Implementing HL7 in a healthcare environment is rarely straightforward. Here are the key considerations:

Interface engines are almost always required
Systems like Mirth Connect, Rhapsody, or Iguana act as middleware — receiving HL7 messages from one system, transforming them as needed, and routing them to the destination system. Without an interface engine, each point-to-point connection requires custom development.
HL7v2 has significant variability
The standard is flexible by design, which means two organizations implementing the same HL7 message type can do it differently. This is often called the “HL7 dialect” problem — a message from Hospital A may need transformation before Hospital B can understand it.
Testing is non-negotiable
HL7 integration failures can result in missing lab results, incorrect patient records, or failed medication orders. Thorough testing in a sandbox environment before go-live is essential.
FHIR is the future
While HL7v2 remains dominant in legacy environments, all new interoperability requirements from CMS and ONC are FHIR-based. Organizations should plan their roadmap accordingly — maintaining existing HL7v2 interfaces while building new capabilities on FHIR.
Security and compliance matter
HL7 messages contain PHI (Protected Health Information).

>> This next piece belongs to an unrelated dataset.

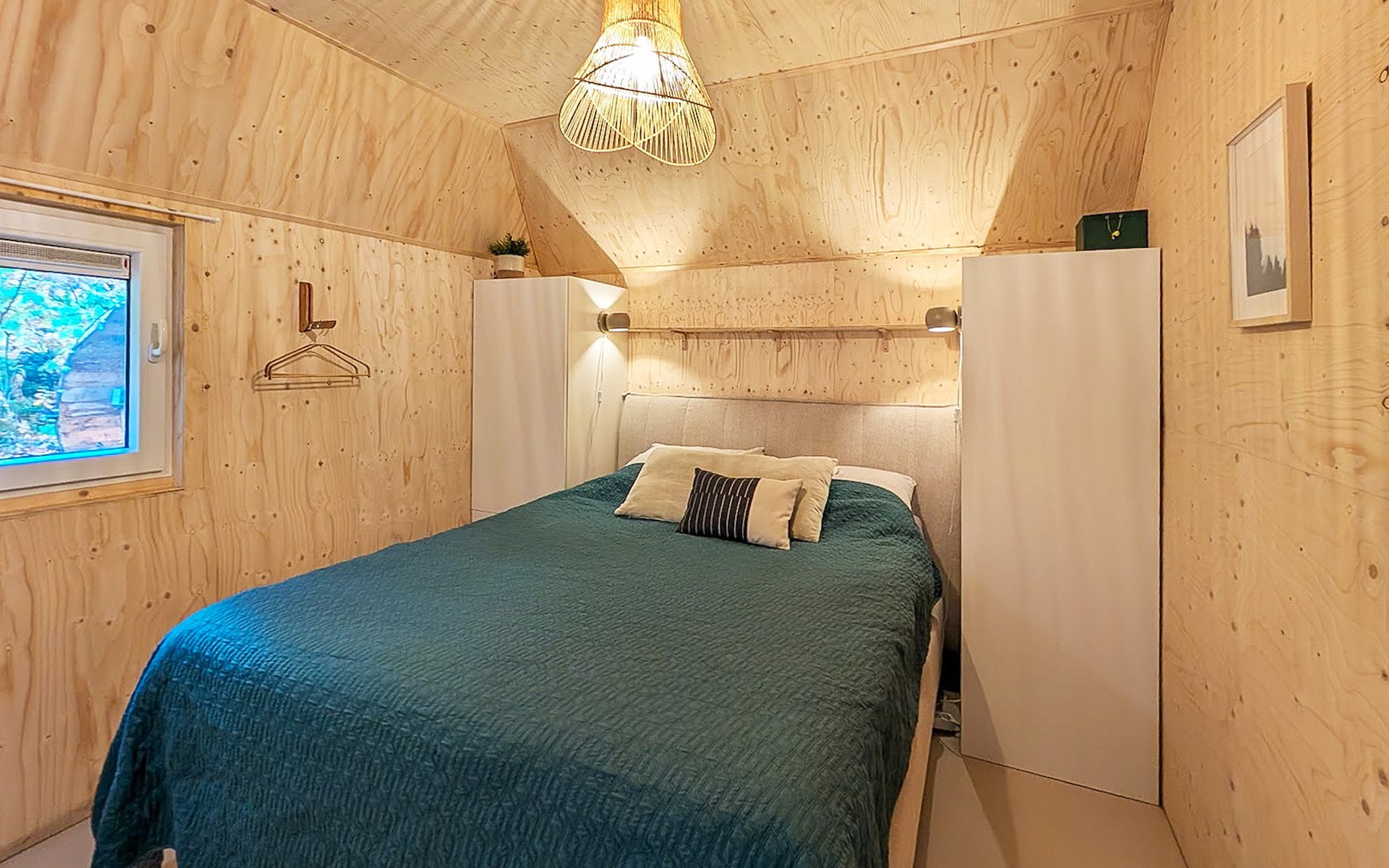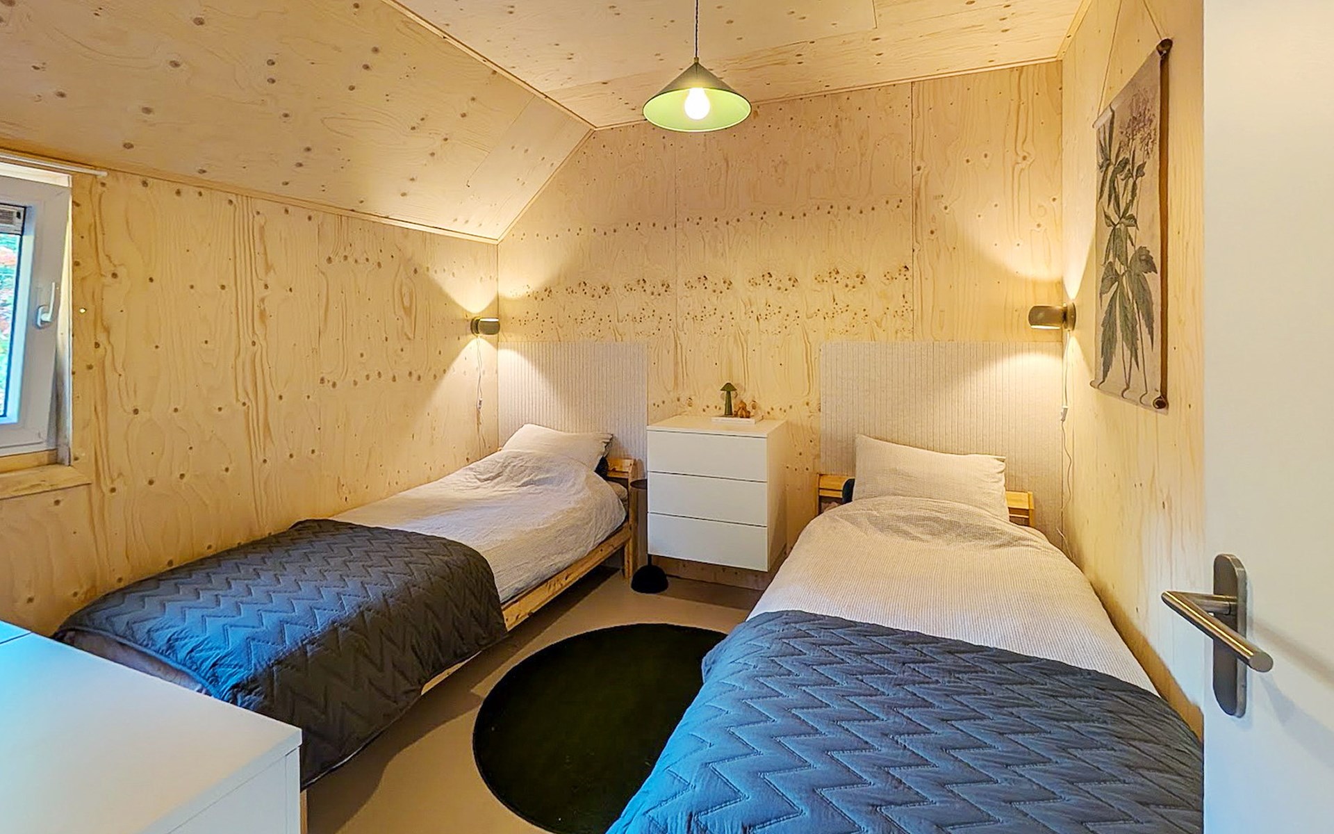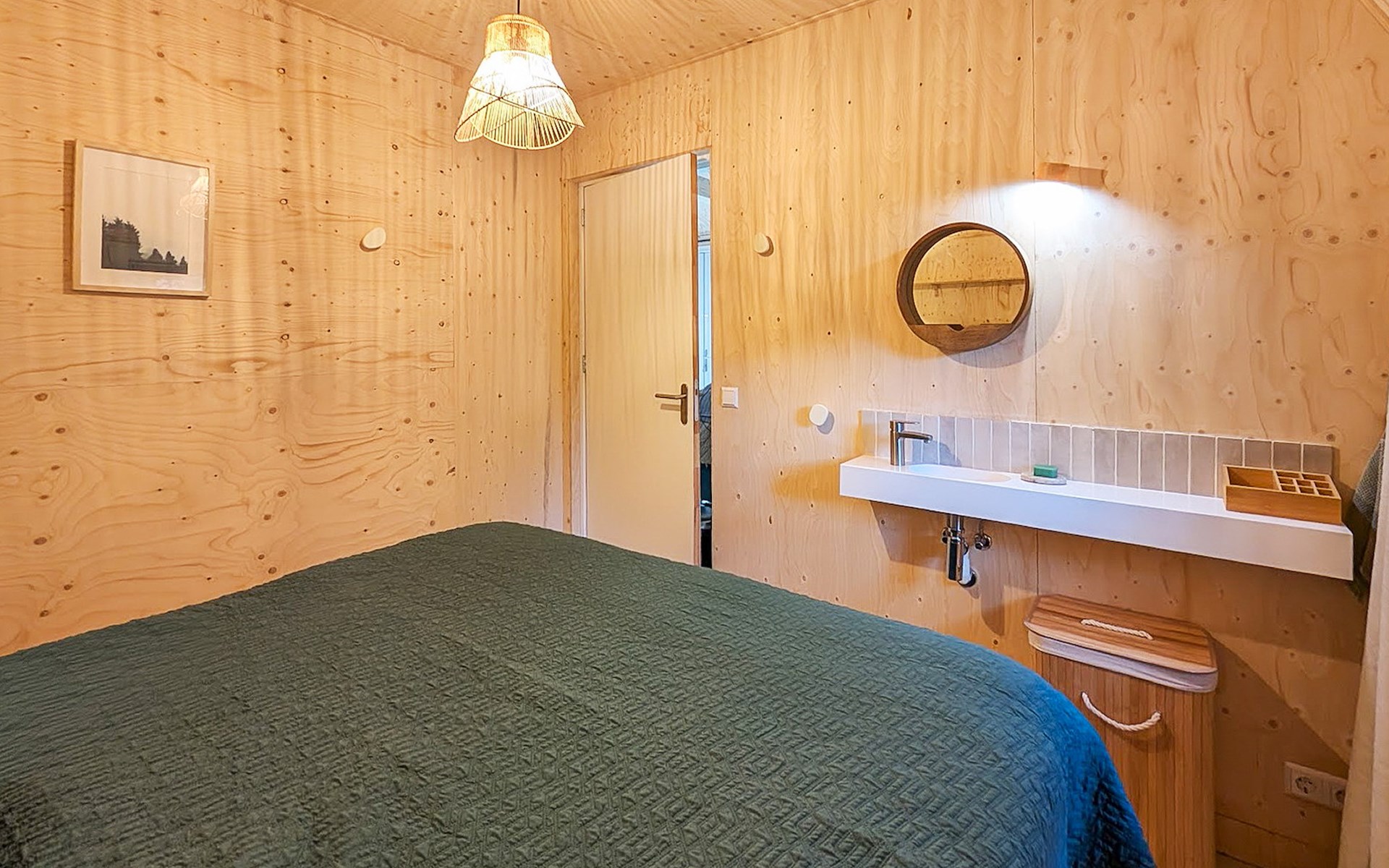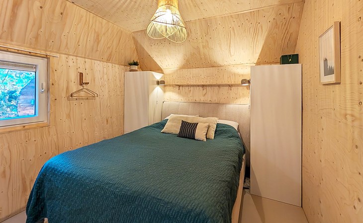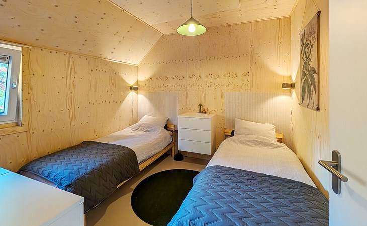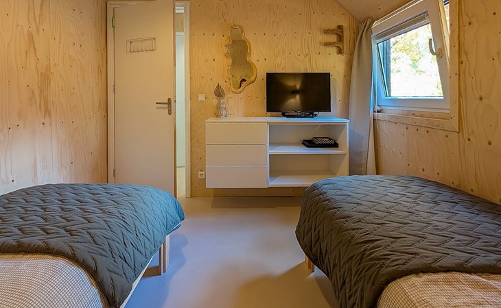 The bungalow has two bedrooms. Both bedrooms are furnished with two single box spring beds. The bathroom has a walk-in shower and a washbasin. The bungalow has a separate toilet.

All HL7 interfaces must be secured in transit (TLS encryption) and access must be controlled and audited to meet HIPAA requirements.

How Taction Helps with HL7

At Taction, our engineering team has deep hands-on experience building and maintaining HL7 integrations across a wide range of healthcare settings — from community hospitals to large health systems, payers, and digital health platforms.

What we do:

Whether you’re building a new integration from scratch, troubleshooting a broken interface, or planning a broader interoperability strategy, our team can help you move faster with fewer surprises.

HL7 interface development
We build custom HL7 interfaces for ADT, ORM, ORU, MDM, and other message types, tailored to your specific EHR and operational needs.
Interface engine configuration
We configure and manage Mirth Connect and other interface engines, handling message transformation, routing, and error management.
HL7v2 to FHIR migration
We help organizations transition from legacy HL7v2 interfaces to modern FHIR APIs, reducing technical debt while maintaining continuity of operations.
EHR integration
We have experience integrating with Epic, Cerner, MEDITECH, Allscripts, and other major EHR platforms using both HL7v2 and FHIR.
HIPAA-compliant architecture
All integrations we build are designed with security and compliance built in from day one, not bolted on afterward.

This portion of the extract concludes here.